Abigail H – Life is hell, so why live it.

I am a post-doctorate professional academic with a background in philosophy. I came to Adaptation Practice in a trough of agitated despair. I didn’t know where to turn and was being consumed by negative feelings. Conventional medicine, or I, had failed to find a resolution. Eight years of diagnosed depression and mood swings, a cocktail of heavy drugs, ECT, 15 months in hospital and 5 suicide attempts – the most recent 6 weeks before contacting the Dr Sherlock. Nothing was working and I, and clearly those around me, were fed up with it, to say the least.

Having exhausted their known options, the medics were now washing their hands and telling me to take responsibility for my feelings and get on with living. Fair enough. But how? To me, who now felt totally dismissed as well as depressed, there was an irrefutable logic to the thought: life is hell, so why live it. The fact that I was still alive was a source of intense inner conflict and anxiety, to add to my depression.

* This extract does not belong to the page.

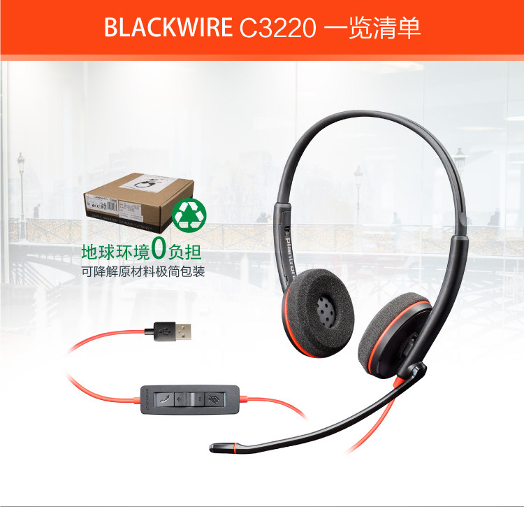 Игривый(Plantronics)C3220 USB -гарнитура контроль гарнитуры Hearset Hearset/Mincophone снижения шума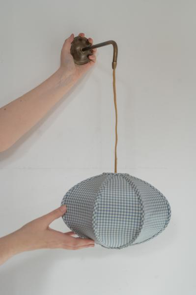 APPLIQUE EN LAITON AVEC GLOBE PLAT EN SOIE. 25X23X55 CMS

In a forlorn hope for help I contacted Dr Clive Sherlock after seeing an article about his work in The Times. I wrote simply asking for information and was amazed when within 2 days I received a phone call, a letter and an appointment. This was the start of what was to be a story of commitment, concern, care and patience and for me the beginnings of what I dubbed “a quiet revolution happening in Oxford”.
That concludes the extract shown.